In addition to the substantial reductions in runtime for UniFrac, we also show why OpenACC should be considered for other performance-critical C/C++ code within and beyond the microbiome field. It allows for a single codebase for both CPU and GPU code, an important consideration for reducing long-term support burden, and is similar in many respects to the popular OpenMP framework. However, the experience emphasizes the importance of budgeting for software developers and specialists. Many codebases that support the microbiome field are written in R or Python due to their accessibility, which tend to obscure low-level aspects of the hardware necessary for fine-tuned optimization. Rewriting complex algorithms in low-level C/C++ creates opportunities to maximize hardware performance but incurs a challenging engineering effort. Relatively few code changes to the C/C++ code were necessary to obtain large performance gains, suggesting further exploration of OpenACC should be considered for memory-intensive C/C++ code in the microbiome space. We hope the work here is viewed as an example of the dramatic gains available to bioinformatic researchers with the adoption of high-performance frameworks such as OpenACC and that UniFrac acts as an exemplar for the gains possible. We encourage researchers in the bioinformatic community to examine OpenACC for use in their tools to accommodate the incredible scaling challenges faced by the field with the ever-increasing volumes of data being generated.

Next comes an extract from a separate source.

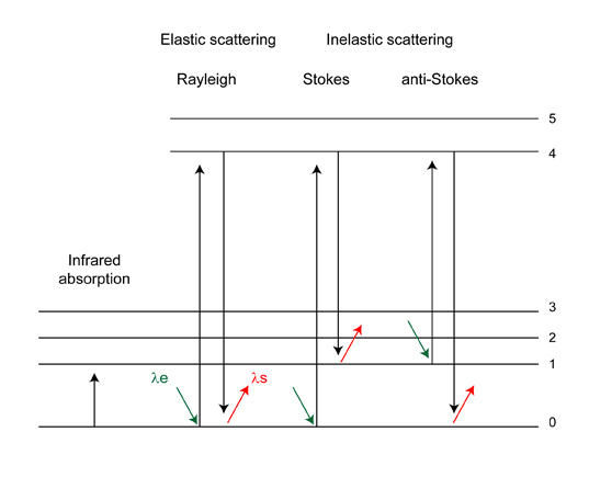 The Raman effect, named after Noble price winner Chandrasekhara Venkata Raman, can be described as an inelastic light scattering process. When a strong light source (laser) is focused on a substance most of this energy will be scattered elastically. In this case the molecules of the substance are excited to a virtual electronic state and immediately fall back to their original state by releasing a photon (see figure 1). The photon energy of this scattered light is equal to that of the incoming light. This process is called Rayleigh scattering. A molecule may also fall back from an excited electronic state to an energy state that is higher (Stokes type scattering) or lower (anti-Stokes type scattering) than the original state. The difference in energy between the incoming and scattered photon (Raman shift) corresponds to the energy difference between vibrational energy levels of the molecule. The different vibrational modes of a molecule can therefore be identified by recognizing Raman shifts (or ‘bands') in the inelastically scattered light spectrum.

Porting and optimizing UniFrac.
The original Striped UniFrac implementation is composed of a set of tight loops that operate on adjacent, independent memory cells and a set of memory buffers. We set out to adapt the implementation to use GPUs with OpenACC, as it simplifies device and memory management and the utilization of heterogeneous computational targets. OpenACC does not allow for passing an array of pointers into OpenACC sections. To minimize the refactoring complexity, we first created a unified temporary buffer where time-consuming code could operate and that holds a final copy at the end of the computation. With a unified memory buffer in place, we then switched the code to use pointer manipulation to access the necessary memory cells. This change fused loops, increasing the available parallelism. A comparison of a subset of the code before and after is provided in Fig. S1a. This relatively light change was all that was needed to compile a working version of UniFrac that could run on a GPU with appreciable performance gains: the EMP could be computed in 92 min on an NVIDIA Tesla V100 GPU, representing over 5× gain over the original implementation using a 16-core Intel Xeon Gold 6242 CPU.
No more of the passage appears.